Still, use following alarm name relation rule at 9 the relevant alarms that belong to the relevant group of same alarm shown in the accompanying drawing 5:
Numbering | Warning position | Alarm name | Analysis result |
1 | A | Signal Degrade | The alarm of deriving |
2 | B | Alarm Indication Signal | The alarm of deriving |
3 | C | Alarm Indication Signal | The alarm of deriving |
4 | D | Loss of Optical Line Signal | The alarm of deriving |
5 | E | Unit Missing | The root alarm |
6 | F | Loss of Optical Line Signal | The alarm of deriving |
7 | G | Alarm Indication Signal | The alarm of deriving |
8 | H | Alarm Indication Signal | The alarm of deriving |
9 | I | Signal Degrade | The alarm of deriving |
Table 5 dependency rule storehouse
9 alarms in the accompanying drawing 5 lay respectively at node A, B, C, D, E, F, G, H, I, and according to above-mentioned relation rule base table 5, the alarm of node E is the root alarm, and the alarm of other nodes is the alarms of deriving.As shown in Figure 8, the star representation root alarm shown in the dark-shaded is positioned at node E.
Still, use following alarm name relation rule at 8 the relevant alarms that belong to the relevant group of same alarm shown in the accompanying drawing 6:
Numbering | Warning position | Alarm name | Analysis result |
1 | A | Signal Degrade | The alarm of deriving |
2 | B | Alarm Indication Signal | The alarm of deriving |
3 | C | Alarm Indication Signal | The alarm of deriving |
4 | D | Loss of Optical Line Signal | The root alarm |
5 | F | Loss of Optical Line Signal | The root alarm |
6 | G | Alarm Indication Signal | The alarm of deriving |
7 | H | Alarm Indication Signal | The alarm of deriving |
8 | I | Signal Degrade | The alarm of deriving |
Table 6 dependency rule storehouse
8 alarms in the accompanying drawing 6 lay respectively at node A, B, C, D, F, G, H, I, and according to above-mentioned relation rule base table 6, the alarm of node D, F is the root alarm, and the alarm of other nodes is the alarms of deriving.As shown in Figure 9, the star representation root alarm shown in the dark-shaded, it is between node D, F.
As mentioned above, from a large amount of relevant and irrelevant alarms, determined the root alarm by above-mentioned steps.

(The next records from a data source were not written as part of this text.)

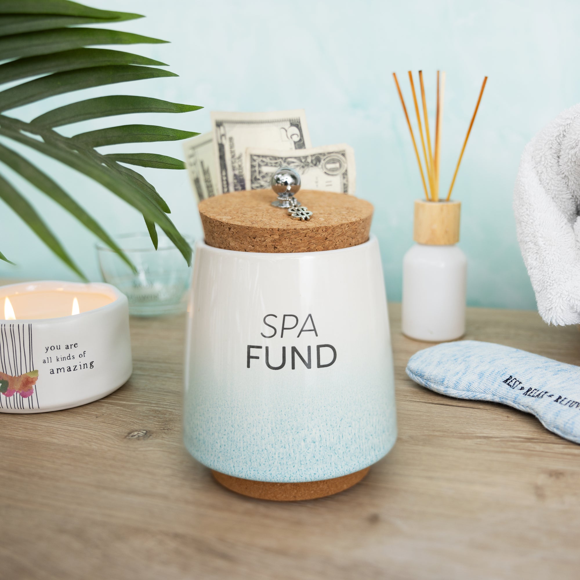• IN-HOUSE DESIGN: The front side of the piggy bank has a simplistic "Spa Fund" gray sentiment, and the backside has "Massage Fund" and an ombre glossy reactive dripped speckling glaze that fades from white at the top to teal at the bottom. The interior of the jar features fill lines accompanied by sentiments that are .75 inches from one another. The very bottom line "Not Enough Fund$" goes up to 1.5 inches from the base, followed by "Getting There," leading to "So Much Fund$" with "Fully Funded" at the top.
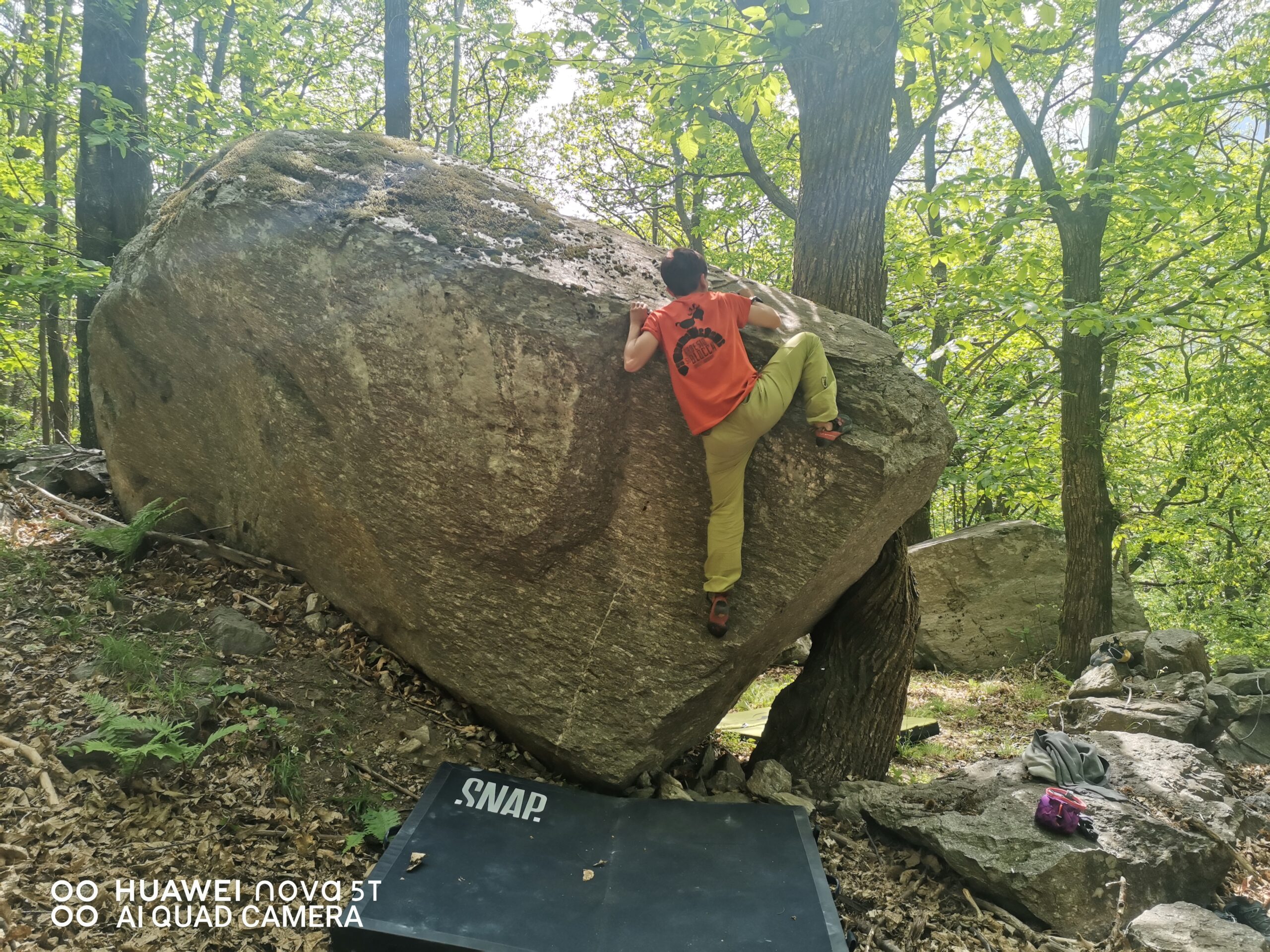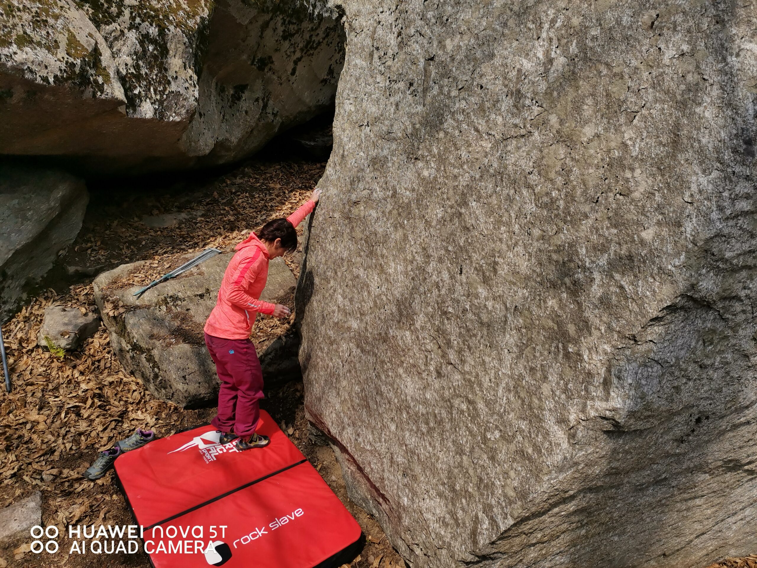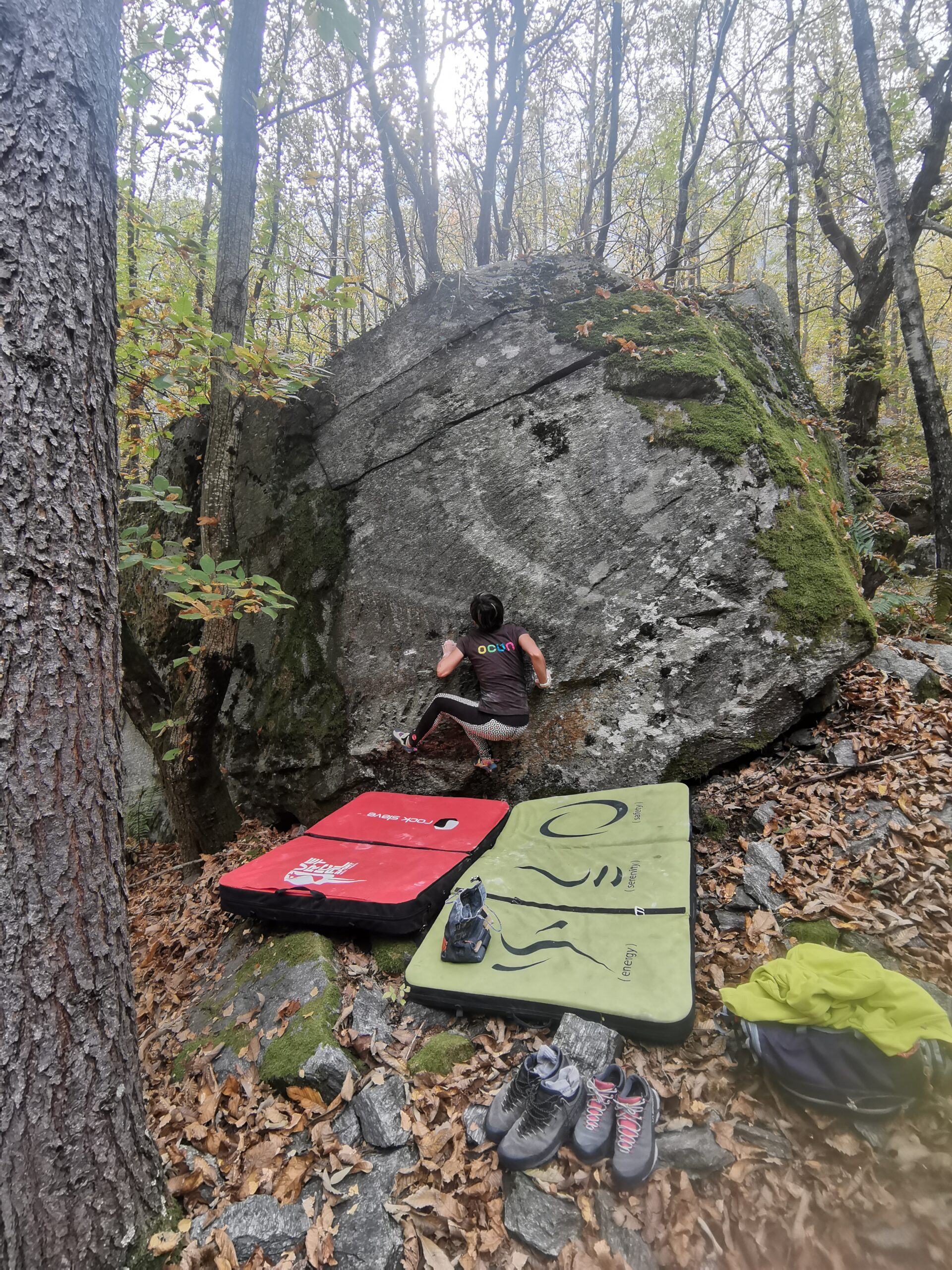 Il settore compressore presenta un trentina di blocchi di ottimo gneiss occhiadino tecnico. Grande varietà di passaggi: placche, strapiombi e tetti con prevalenze di tacche.
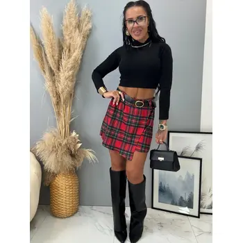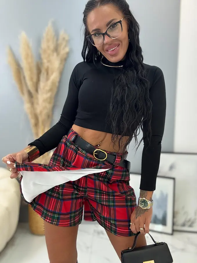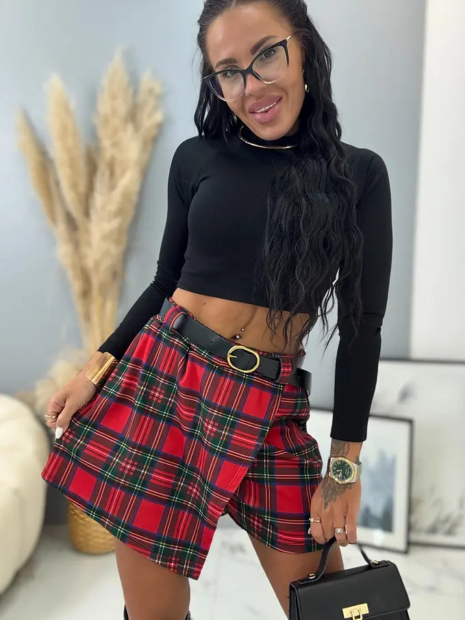 Károvaná nohavicová sukňa s opaskom DAIVA+

Accompanying drawing 10 shows the step of above-mentioned definite root alarm.At first, directly map out the alarm propagation ideograph of described system from the topological structure of described system, described alarm propagation ideograph has shown the oriented annexation corresponding to alarm propagation between a plurality of nodes of described system configuration and the node; Then, locate all alarms in the described system and it is mapped as predefined standard alarm; According to described alarm propagation ideograph, find out all alarms that belong to same alarm correlation group and the irrelevant alarm that does not belong to this alarm correlation group then; According to predefined dependency rule storehouse, be subordinated in all alarms of same alarm correlation group and determine the root alarm and the alarm of deriving.
The core concept of method for analyzing root warning provided by the invention is to analyze with abstract foundation and irrelevant alarm propagation ideograph and the unified name dependency rule storehouse of alarming of manufacturer with the mechanism that alarm is derived by the alarm report to different vendor.
The present invention has overcome defective of the prior art, have a plurality of advantages, for example: implementation is simple, support real-time variation: can map directly to the alarm propagation ideograph from DWDM network topology data, do not need through repeatedly with the conversion of complexity, the variation that network takes place can be reflected in real time on the alarm propagation ideograph; Support the root alert analysis of multi-manufacturer DWDM network: unified alarm collects and strides based on the alarm name dependence support of unified alarm the root alert analysis of manufacturer; The accuracy height: the rule base of alarm name dependence is made up of a series of alarm name in twos, can determine according to the situation of concrete manufacturer and general rule, also can revise rule base, make the root alert analysis can obtain the higher result of accuracy according to the experience of scene accumulation.
Claims (9)
1, a kind of root alarm method for searching that is used for multi-manufacturer DWDM network management system is characterized in that comprising the steps:
Map out the alarm propagation ideograph of described DWDM network management system from the topological structure of described DWDM network management system, described alarm propagation ideograph has shown the oriented annexation corresponding to alarm propagation between a plurality of nodes of described system configuration and the node;
Locate all alarms in the described system, and it is mapped as predefined standard alarm;
According to described alarm propagation ideograph, find out all alarms that belong to same alarm correlation group and the irrelevant alarm that does not belong to this alarm correlation group;
According to predefined dependency rule storehouse, be subordinated in all alarms of same alarm correlation group and determine the root alarm and the alarm of deriving.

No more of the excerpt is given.